▶ [Required work]: Transcribe the listing exactly, so that nothing but the pictures is missing.
[Dataset extract Boundary: Start]
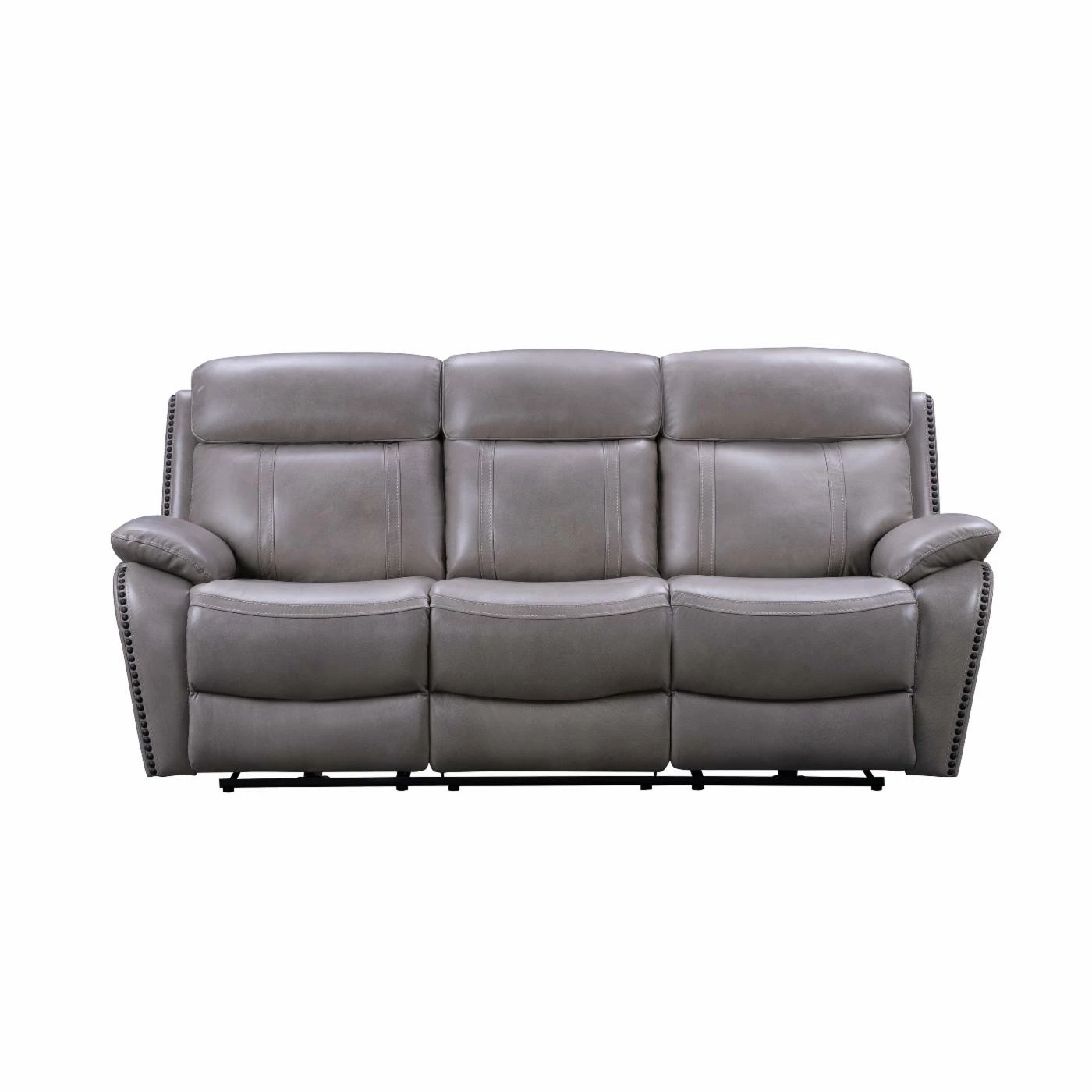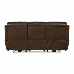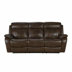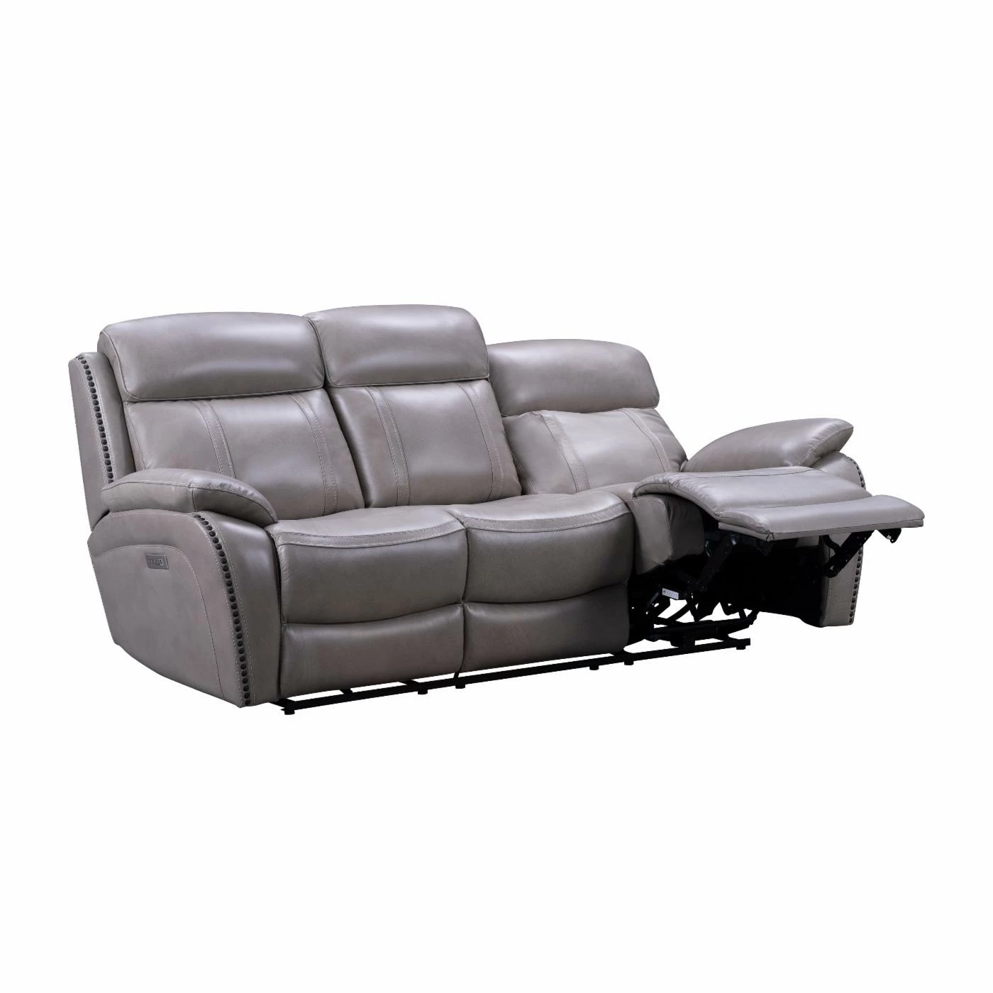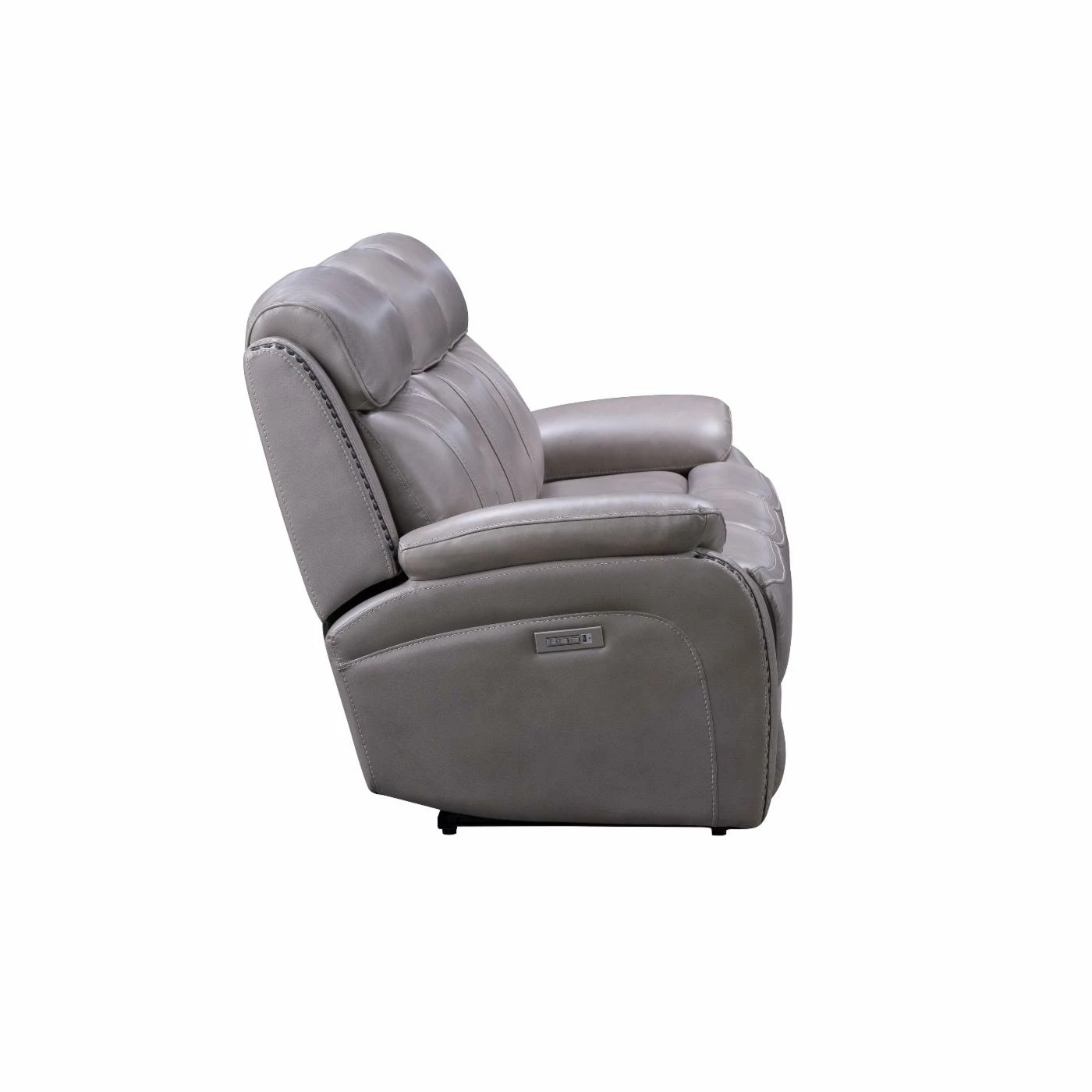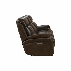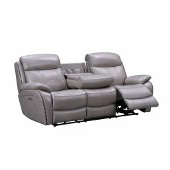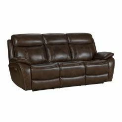 Add the casual transitional look of the Barcalounger Sandover Leather Power Reclining Sofa. This sofa has a power recline, power headrest and power lumbar support. It also features pad over chaise bucket seating with pocketed coil springs for seat comfort and hidden drop down center table with 2 cup holders. The arms are ?ared track pillow style accented with nail head trim. The power buttons have USB ports to keep your devices charged.
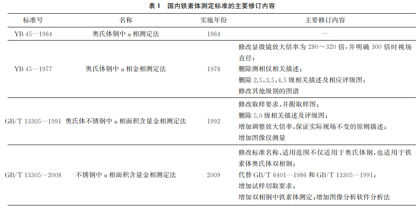 在国内,奥氏体钢中铁素体相面积含量测定的现行标准为GB/T 13305—2008 《不锈钢中α相面积含量金相测定法》,国内铁素体测定标准的多次修订内容如表1所示。主要修订内容以其所代替的上一版标准为基础进行论述,内容的选取参考标准中的修订说明。
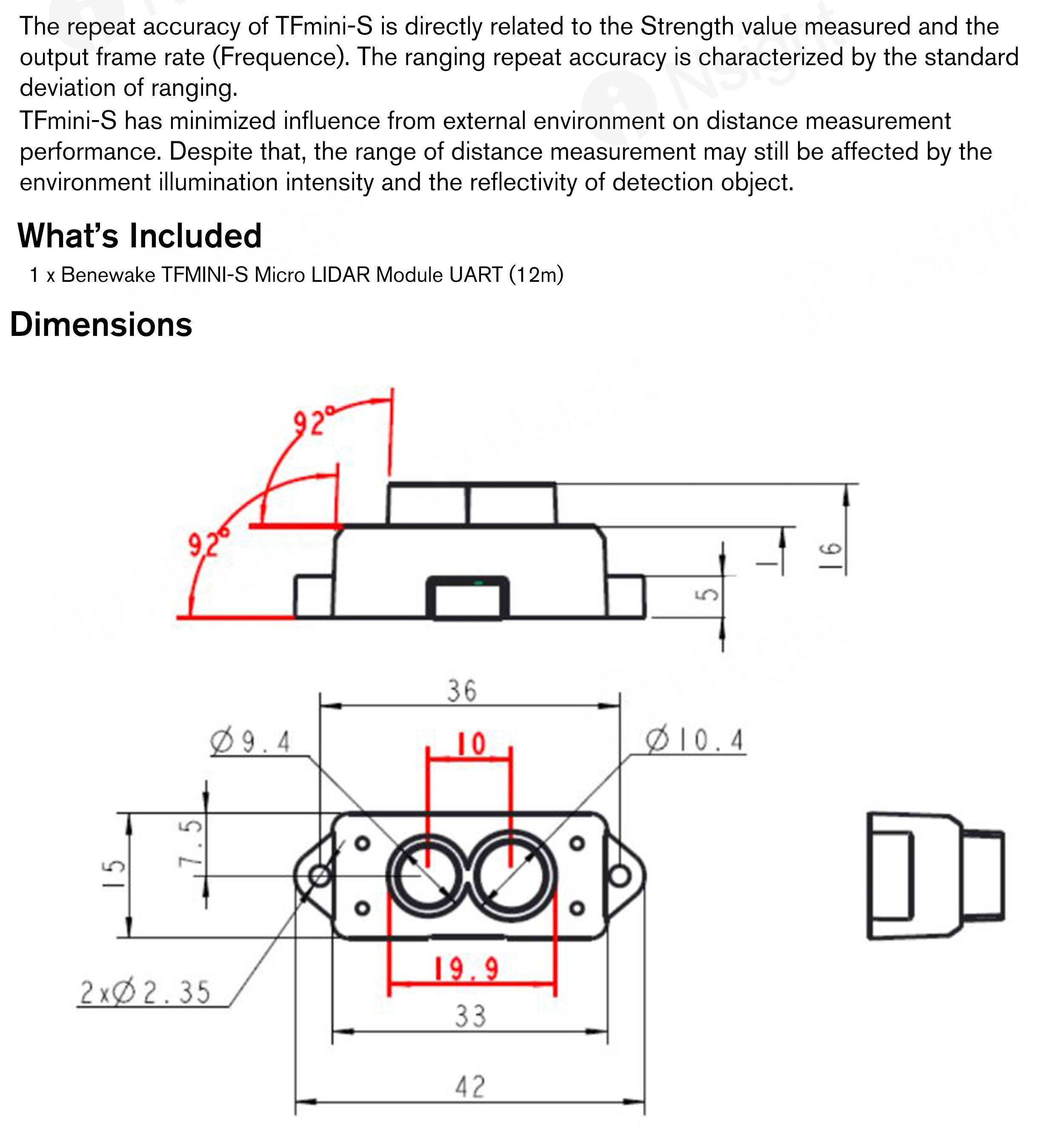 Benewake TFMINI-S Micro LIDAR Module UART (12m)
[Dataset extract Boundary: End]
▶ [Result of this task]:
 Add the casual transitional look of the Barcalounger Sandover Leather Power Reclining Sofa. This sofa has a power recline, power headrest and power lumbar support. It also features pad over chaise bucket seating with pocketed coil springs for seat comfort and hidden drop down center table with 2 cup holders. The arms are ?ared track pillow style accented with nail head trim. The power buttons have USB ports to keep your devices charged.
 在国内,奥氏体钢中铁素体相面积含量测定的现行标准为GB/T 13305—2008 《不锈钢中α相面积含量金相测定法》,国内铁素体测定标准的多次修订内容如表1所示。主要修订内容以其所代替的上一版标准为基础进行论述,内容的选取参考标准中的修订说明。
 Benewake TFMINI-S Micro LIDAR Module UART (12m)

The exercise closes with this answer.